= Beginning of Section =
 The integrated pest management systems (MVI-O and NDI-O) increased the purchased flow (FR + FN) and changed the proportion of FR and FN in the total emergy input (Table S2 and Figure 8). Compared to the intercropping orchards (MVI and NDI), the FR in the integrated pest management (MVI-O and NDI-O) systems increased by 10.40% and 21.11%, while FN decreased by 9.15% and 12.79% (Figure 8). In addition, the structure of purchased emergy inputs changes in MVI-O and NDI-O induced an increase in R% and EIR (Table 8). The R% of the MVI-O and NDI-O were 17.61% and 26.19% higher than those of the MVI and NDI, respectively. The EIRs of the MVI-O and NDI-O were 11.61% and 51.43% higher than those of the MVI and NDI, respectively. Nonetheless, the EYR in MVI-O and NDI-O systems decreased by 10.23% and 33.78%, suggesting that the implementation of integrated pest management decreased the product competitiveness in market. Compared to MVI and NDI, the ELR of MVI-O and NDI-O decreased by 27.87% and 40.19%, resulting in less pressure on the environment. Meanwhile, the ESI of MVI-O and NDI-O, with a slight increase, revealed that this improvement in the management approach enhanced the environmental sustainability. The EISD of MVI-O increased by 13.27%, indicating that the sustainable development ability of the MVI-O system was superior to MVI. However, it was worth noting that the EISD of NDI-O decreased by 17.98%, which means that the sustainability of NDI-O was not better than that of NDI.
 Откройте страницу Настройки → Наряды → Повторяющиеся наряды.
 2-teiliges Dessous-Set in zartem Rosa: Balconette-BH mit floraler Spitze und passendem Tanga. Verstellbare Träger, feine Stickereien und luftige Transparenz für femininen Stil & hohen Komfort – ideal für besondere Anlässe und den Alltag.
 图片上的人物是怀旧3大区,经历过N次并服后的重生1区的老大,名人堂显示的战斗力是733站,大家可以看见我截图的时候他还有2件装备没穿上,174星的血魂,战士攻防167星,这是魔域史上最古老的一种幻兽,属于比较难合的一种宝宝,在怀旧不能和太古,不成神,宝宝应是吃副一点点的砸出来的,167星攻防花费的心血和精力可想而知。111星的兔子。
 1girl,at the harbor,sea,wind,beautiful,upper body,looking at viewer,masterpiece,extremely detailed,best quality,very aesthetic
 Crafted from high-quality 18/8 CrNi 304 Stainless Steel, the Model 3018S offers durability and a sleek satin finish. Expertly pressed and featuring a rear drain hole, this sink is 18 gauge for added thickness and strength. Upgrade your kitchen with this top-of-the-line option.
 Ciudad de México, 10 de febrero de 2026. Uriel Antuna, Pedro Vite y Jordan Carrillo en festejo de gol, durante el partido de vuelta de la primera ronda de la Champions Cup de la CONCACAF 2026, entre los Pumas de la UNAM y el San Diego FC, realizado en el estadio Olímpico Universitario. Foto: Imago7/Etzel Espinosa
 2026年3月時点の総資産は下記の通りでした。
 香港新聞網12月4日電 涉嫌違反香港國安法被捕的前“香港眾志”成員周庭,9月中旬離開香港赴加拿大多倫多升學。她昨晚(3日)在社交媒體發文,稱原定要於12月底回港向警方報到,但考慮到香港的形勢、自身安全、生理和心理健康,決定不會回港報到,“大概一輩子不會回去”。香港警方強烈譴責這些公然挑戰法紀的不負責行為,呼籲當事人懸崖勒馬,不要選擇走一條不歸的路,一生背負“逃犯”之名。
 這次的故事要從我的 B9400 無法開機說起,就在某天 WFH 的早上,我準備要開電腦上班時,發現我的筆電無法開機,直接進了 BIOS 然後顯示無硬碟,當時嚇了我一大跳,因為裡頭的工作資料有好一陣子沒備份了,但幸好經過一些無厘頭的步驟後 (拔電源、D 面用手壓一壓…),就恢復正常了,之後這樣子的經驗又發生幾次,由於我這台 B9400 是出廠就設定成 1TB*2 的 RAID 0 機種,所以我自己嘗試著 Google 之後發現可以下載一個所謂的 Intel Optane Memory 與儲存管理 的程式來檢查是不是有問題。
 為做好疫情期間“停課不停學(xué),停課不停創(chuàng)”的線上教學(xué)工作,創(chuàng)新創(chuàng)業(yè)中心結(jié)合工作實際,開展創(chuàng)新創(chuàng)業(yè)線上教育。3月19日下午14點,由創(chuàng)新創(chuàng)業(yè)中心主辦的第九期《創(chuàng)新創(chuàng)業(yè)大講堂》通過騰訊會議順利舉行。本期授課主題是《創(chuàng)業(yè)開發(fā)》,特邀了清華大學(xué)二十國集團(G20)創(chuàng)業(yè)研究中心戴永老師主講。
= End of Section =
● **Assignment**
Considering only the material above, set down every line from the one with "Откройте страницу Настройки" to the one with "Crafted from high-quality", inclusive, exactly as written.

● **Output**
 Откройте страницу Настройки → Наряды → Повторяющиеся наряды.
 2-teiliges Dessous-Set in zartem Rosa: Balconette-BH mit floraler Spitze und passendem Tanga. Verstellbare Träger, feine Stickereien und luftige Transparenz für femininen Stil & hohen Komfort – ideal für besondere Anlässe und den Alltag.
 图片上的人物是怀旧3大区,经历过N次并服后的重生1区的老大,名人堂显示的战斗力是733站,大家可以看见我截图的时候他还有2件装备没穿上,174星的血魂,战士攻防167星,这是魔域史上最古老的一种幻兽,属于比较难合的一种宝宝,在怀旧不能和太古,不成神,宝宝应是吃副一点点的砸出来的,167星攻防花费的心血和精力可想而知。111星的兔子。
 1girl,at the harbor,sea,wind,beautiful,upper body,looking at viewer,masterpiece,extremely detailed,best quality,very aesthetic
 Crafted from high-quality 18/8 CrNi 304 Stainless Steel, the Model 3018S offers durability and a sleek satin finish. Expertly pressed and featuring a rear drain hole, this sink is 18 gauge for added thickness and strength. Upgrade your kitchen with this top-of-the-line option.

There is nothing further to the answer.